TASK —
For this exercise, the lines from the one with "Lokale Größen, traditionelle" through the end of the material below must be output exactly, without pictures.

DATA SECTION —
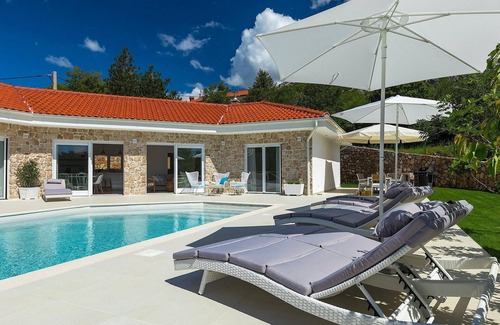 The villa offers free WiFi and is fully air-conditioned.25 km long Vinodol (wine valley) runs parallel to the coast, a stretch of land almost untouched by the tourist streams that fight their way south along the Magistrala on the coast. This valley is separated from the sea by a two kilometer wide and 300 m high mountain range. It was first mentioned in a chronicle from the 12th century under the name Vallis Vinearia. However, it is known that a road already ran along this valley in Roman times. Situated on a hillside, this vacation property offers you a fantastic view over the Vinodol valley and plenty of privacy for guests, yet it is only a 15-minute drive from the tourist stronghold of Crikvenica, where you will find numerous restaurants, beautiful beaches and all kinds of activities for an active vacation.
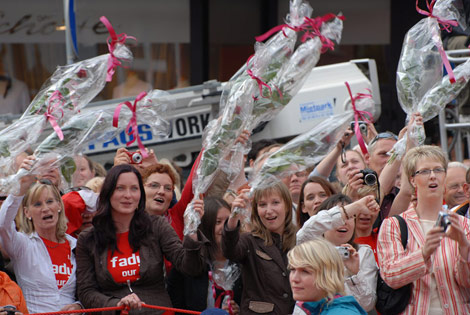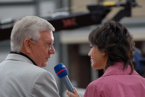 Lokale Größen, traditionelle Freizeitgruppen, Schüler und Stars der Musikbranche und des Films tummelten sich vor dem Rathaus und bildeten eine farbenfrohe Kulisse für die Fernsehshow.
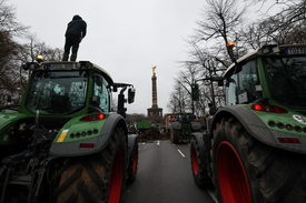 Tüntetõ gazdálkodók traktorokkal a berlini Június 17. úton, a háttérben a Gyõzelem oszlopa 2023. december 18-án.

EXERCISE SOLUTION —
 Lokale Größen, traditionelle Freizeitgruppen, Schüler und Stars der Musikbranche und des Films tummelten sich vor dem Rathaus und bildeten eine farbenfrohe Kulisse für die Fernsehshow.
 Tüntetõ gazdálkodók traktorokkal a berlini Június 17. úton, a háttérben a Gyõzelem oszlopa 2023. december 18-án.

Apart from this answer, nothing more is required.